What Visitors Can Do at the Festival: The Exhibit Hall will be open from Friday through Sunday afternoon and is one of the best harp shopping and music buying showrooms on the East Coast. If you’ve always wanted to play the harp (and who hasn’t?), this is the best place to try them out

“Every harper I know has had someone come up to them and say ‘I always wanted to learn the harp’,” she says, so there will be a workshop at the festival called just that and tailored for the inquisitive nonplayer. Get there early because that workshop is given at 10am. “We want to light that spark to encourage people to play,” says DeAngelo. Also included in the visitor’s ticket is admittance to the extensive showroom with harps of every shape, size and sound—from replicas of medieval and renaissance harps to modern harps made out of high-tech carbon fiber—and even harp kits for the do-it-yourselfer. Then there’s something called a “harp tasting”.

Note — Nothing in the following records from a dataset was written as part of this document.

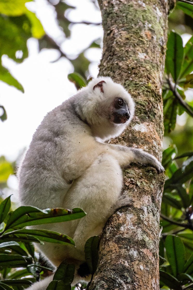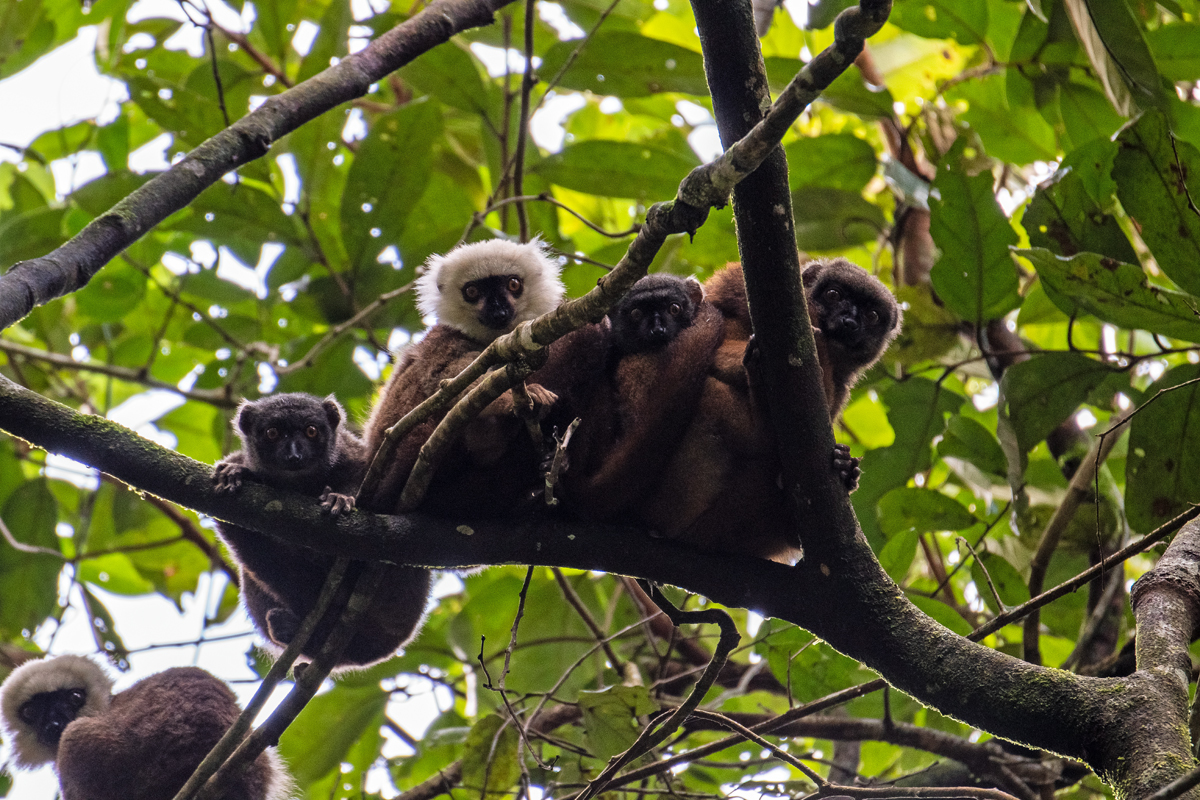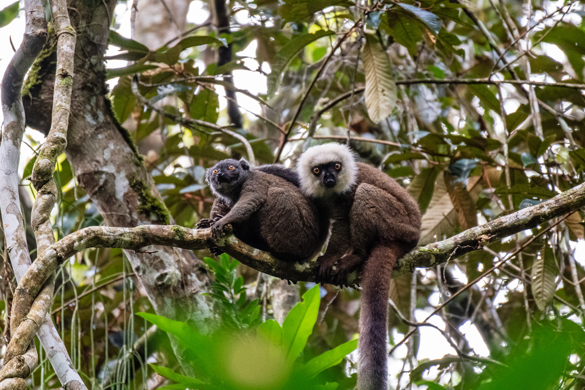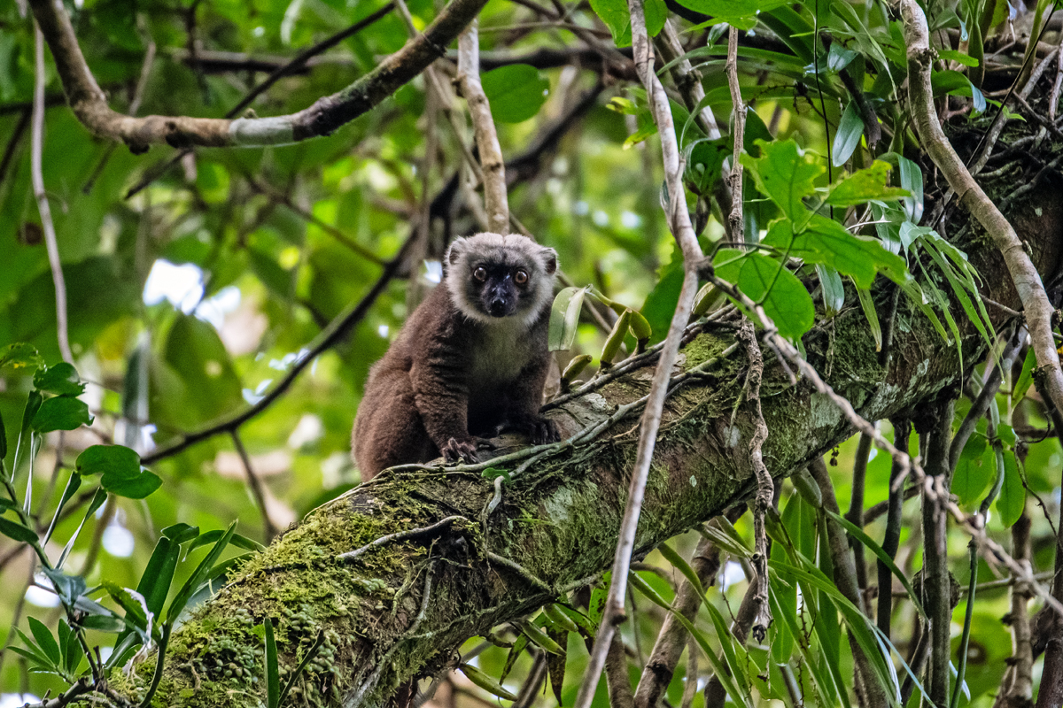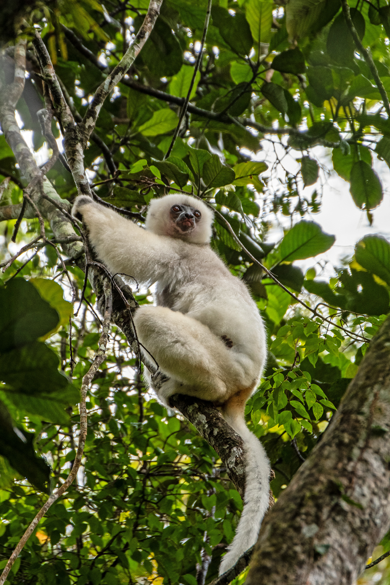 Die Wanderung vom Camp Mantella hinauf zum Camp Marojejya auf 775 m ist ein wenig anstrengender, als ob man eine Wendeltreppe aus Pudding hinaufzuklettern versucht. Hin und wieder gibt es Seile, Trittsteine oder sogar ein paar Stufen, dann wieder muss man nach der nächsten Wurzel, einem Ast oder was auch immer dem eigenen Gewicht standhält greifen. Wie ich bereits erwähnte, ist man immer noch, oder wieder, nass, matschig, man schwitzt und wird eine Minute später von einem tropischen Regenguss durchnässt. Aber im Gebiet des Camp Marojejya findet man mithilfe der Tracker vielleicht Seidensifakas. Sie gehören zu den am stärksten vom Aussterben bedrohten Primaten auf der Welt mit heute noch 249 erwachsenen verbliebenen Tieren, laut IUCN. Die Einheimischen nennen sie Engel des Waldes. Darüber hinaus ist das Gebiet das Zuhause von Weißkopfmakis und Unmengen an Chamäleons.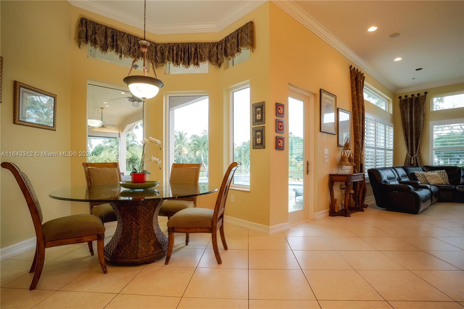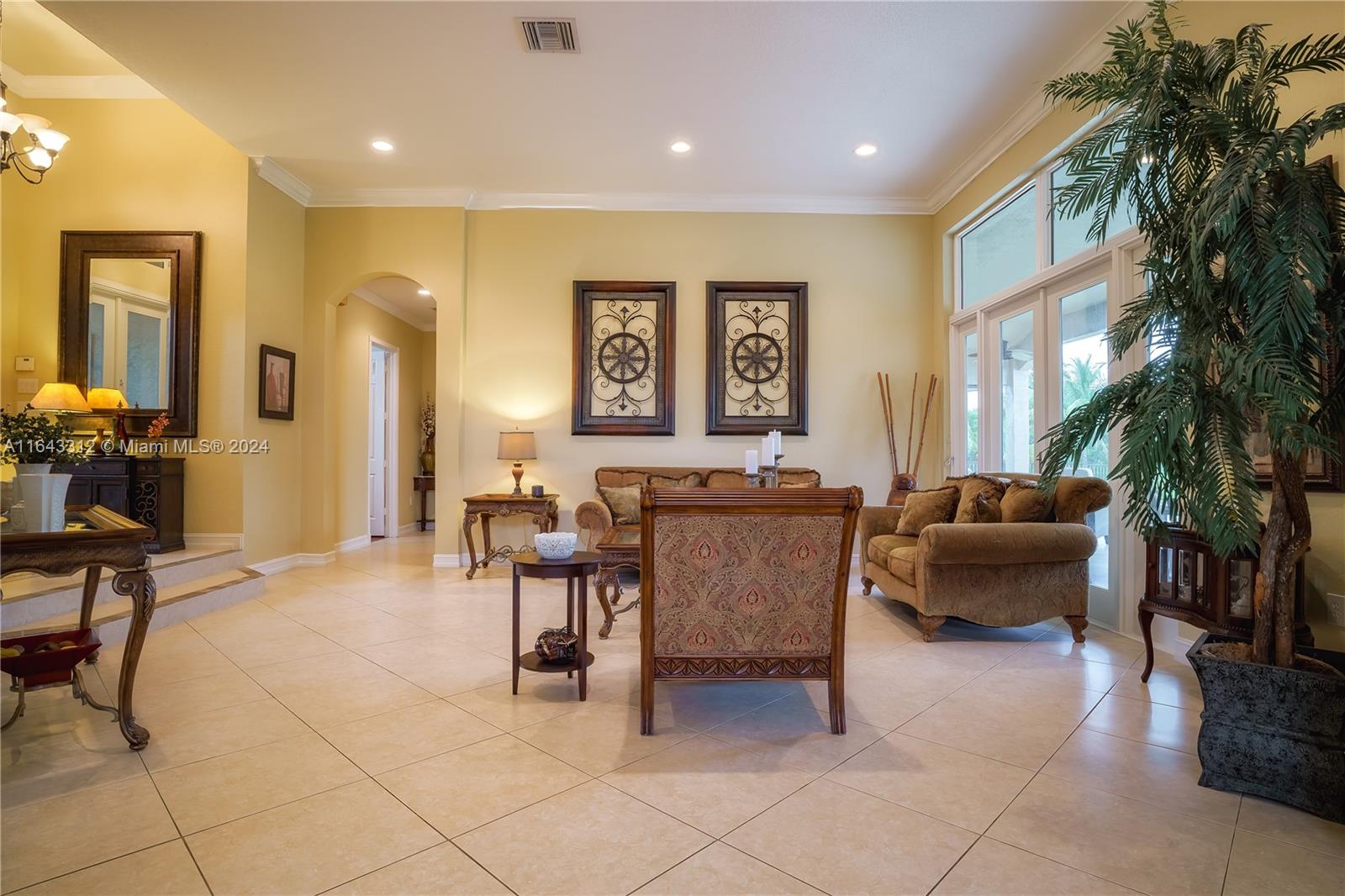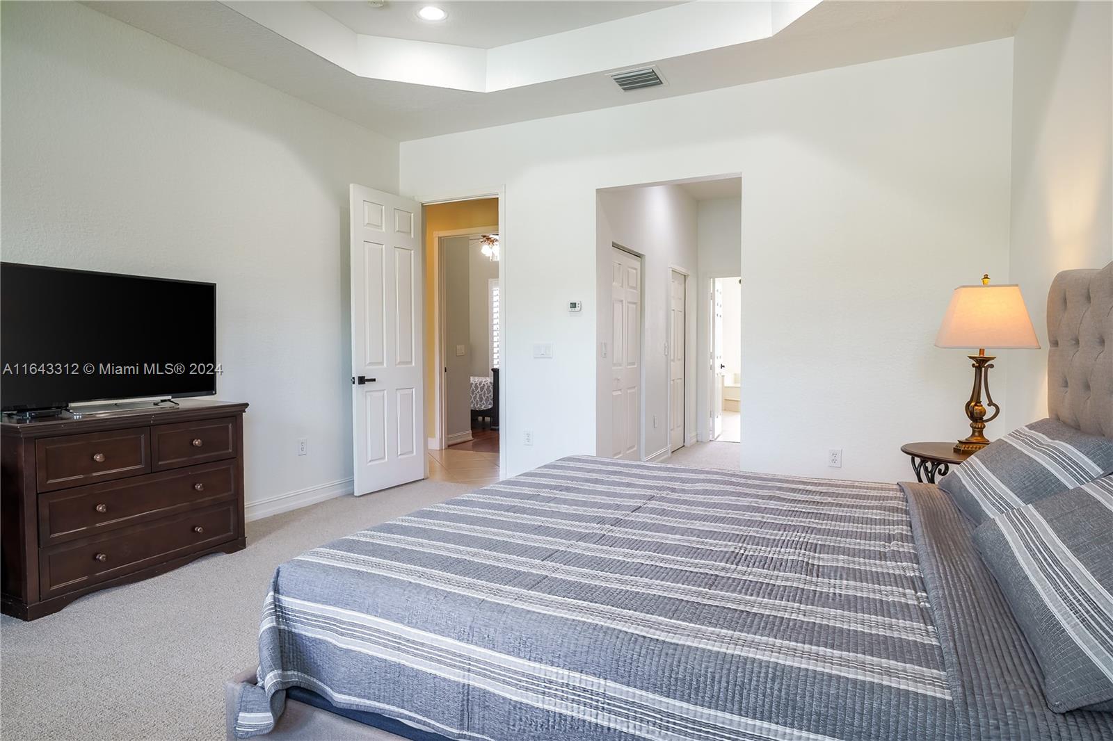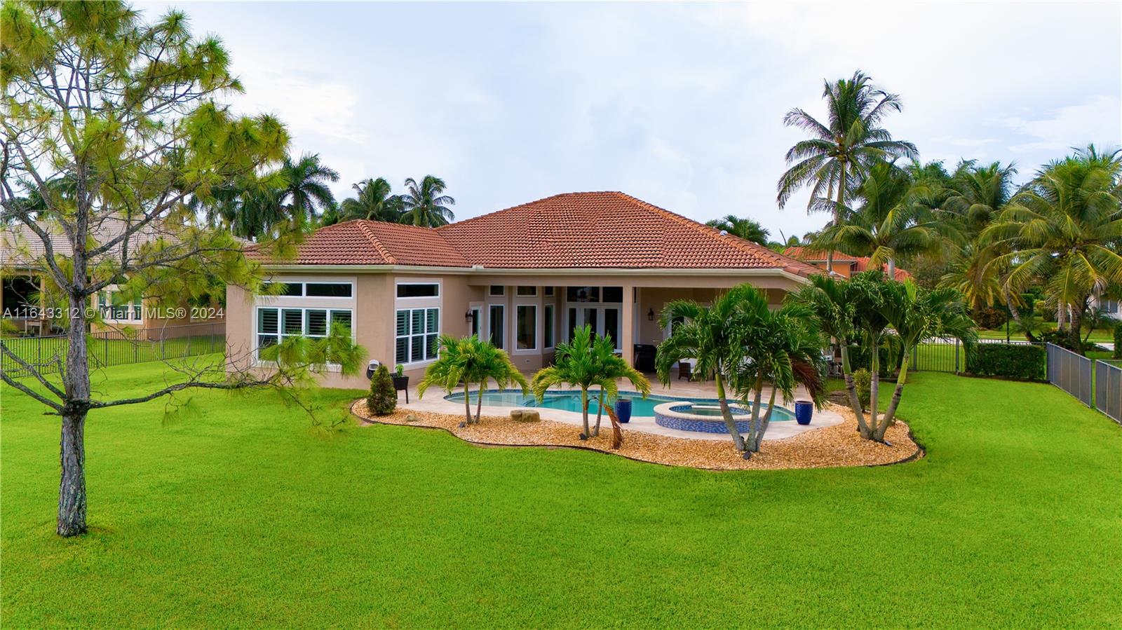 Welcome to this elegant lakefront estate located in the guard gated community of Riverstone. This magnificent one-story home features 5 bedrooms, 4 bathrooms, high ceilings and an open concept of sophisticated living space. The home exudes charm and elegance, with plantation shutters throughout and impact windows and doors for added security and peace of mind. Nestled on an expansive oversized fenced lot, the property offers a beautifully landscaped, fenced yard, perfect for privacy and relaxation. The spacious backyard and patio are designed for entertaining with a magnificent lake, pool and spa views from every living space of the house. 2022 Roof. Experience unparalleled refinement in this stunning home.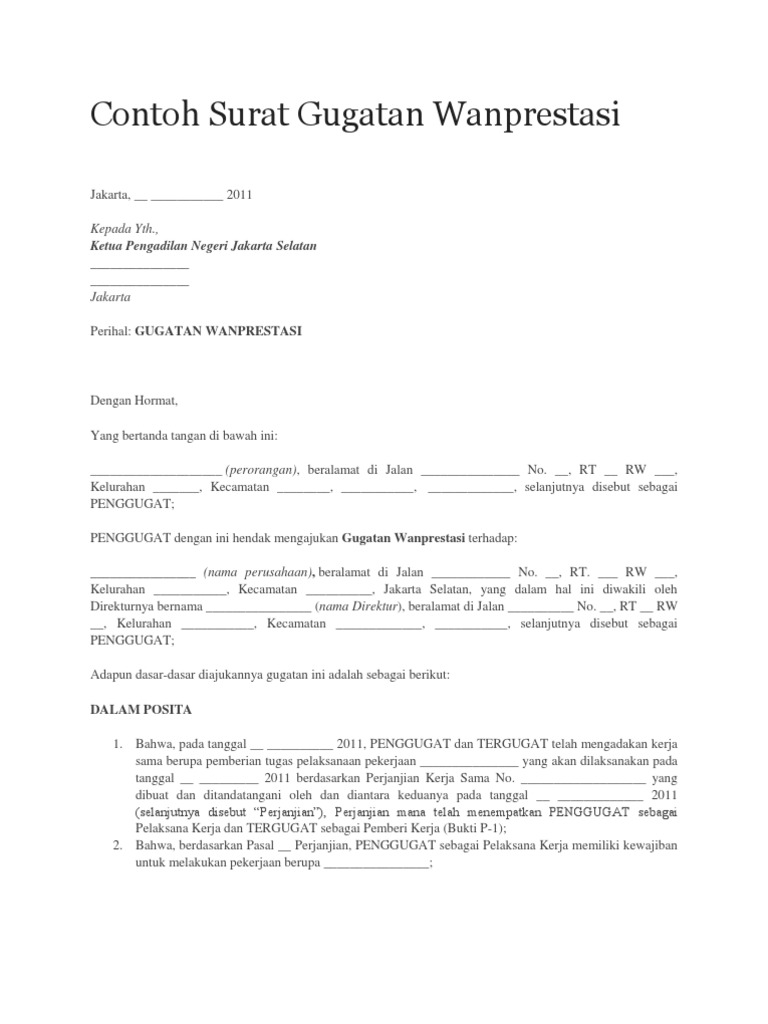 Contoh Surat Gugatan Wanprestasi. Wanprestasi merupakan pelaksanaan kewajiban yang tidak dipenuhi atau ingkar janji atau kelalaian yang dilakukan oleh pihak debitur baik karena tidak melaksanakan apa yang telah diperjanjikan maupun telah. Surat Gugatan adalah suatu surat yang diajukan oleh penggugat kepada Ketua Pengadilan yang berwenang, yang memuat tuntutan hak yang di dalamnya mengandung suatu sengketa dan sekaligus merupakan dasar landasan pemeriksaan perkara dan pembuktian kebenaran suatu hak.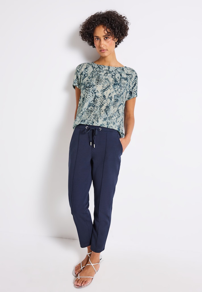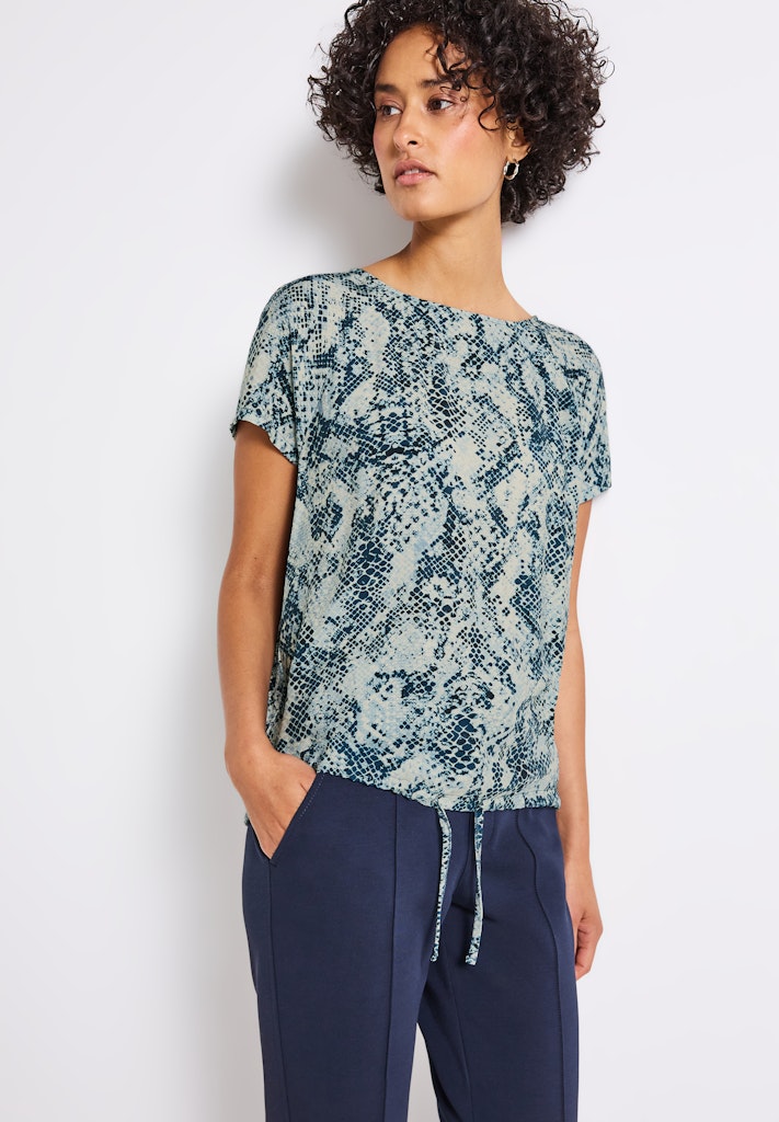 Dieses Sommershirt von Street One für Damen kombiniert eine Vorderseite aus zartem Blusenstoff mit einer Rückseite aus weichem Jersey. Der U-Boot-Ausschnitt, dropped shoulders und ein Tunnelzug am Saum verleihen dem Shirt eine moderne Passform. Perfekt für sommerliche Casual-Looks mit Stil. Sommershirt mit Tunnelzug am Saum U-Boot-Ausschnitt Dropped Shoulders Vorderseite aus leichtem Blusenstoff Rückseite aus softer Jersey-Qualität Material: Vorderseite: 84% Viskose, 16% Polyamid; Rückseite: 95% Viskose, 5% Elasthan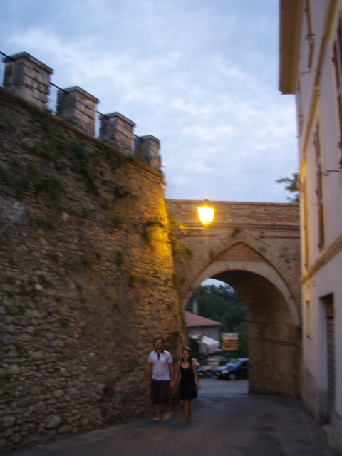 この門をくぐってすぐ、城のそばでお茶したバールがあるのだが・・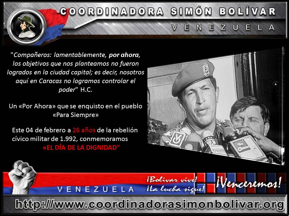 El alzamiento y la insurrección popular ocurridas el 27 y 28 de febrero de 1.989 fue el antecedente que dio origen a la rebelión militar del 4 de febrero de 1.992, y ambos acontecimientos dieron inicio a la Revolución Bolivariana, lo que significó la esperanza para Venezuela, América Latina y el mundo.

“There aren’t any winners in a harp tasting,” says DeAngelo, “because each person has their own opinion about what they like—like in a wine tasting.” The harps are sampled by a professional player and the audience judges based solely on sound. It’s a blind test (for the audience, not the players) to keep looks from distracting the listeners. The models and makers are revealed at the end of the tasting and audience members can take their judging sheets into the showroom and see the harps up close, try them out and cost compare. “Lots of people come to this festival just to harp shop,” says DeAngelo. “An instrument like this not something you just buy out of a catalog.”

There are lunchtime concerts on Friday and Saturday and the visitor can sit and enjoy their lunch while listening to the featured harp ensembles. There are a limited number of concert tickets available to the public for the evening concert series. Sunday’s special public program starts early with a lecture at 9am on The History of the Irish Harp by Gráinne Hambly, followed by the Sunday concert at 11am. Included in the Sunday special price of $15 is the harp showroom until 3pm.

If you go: The $15 Visitor’s ticket can be purchased at the door for admittance to the showroom and the special public workshops and daytime concerts. Evening concerts, at 7:30pm, are general seating at $25 per ticket (check availability online at www.somersetharpfest.com/concerts.html. The Hilton is located at 1 Hilton Court, Parsippany NJ. See the festival website for performer biographies and other details: www.somersetharpfest.com.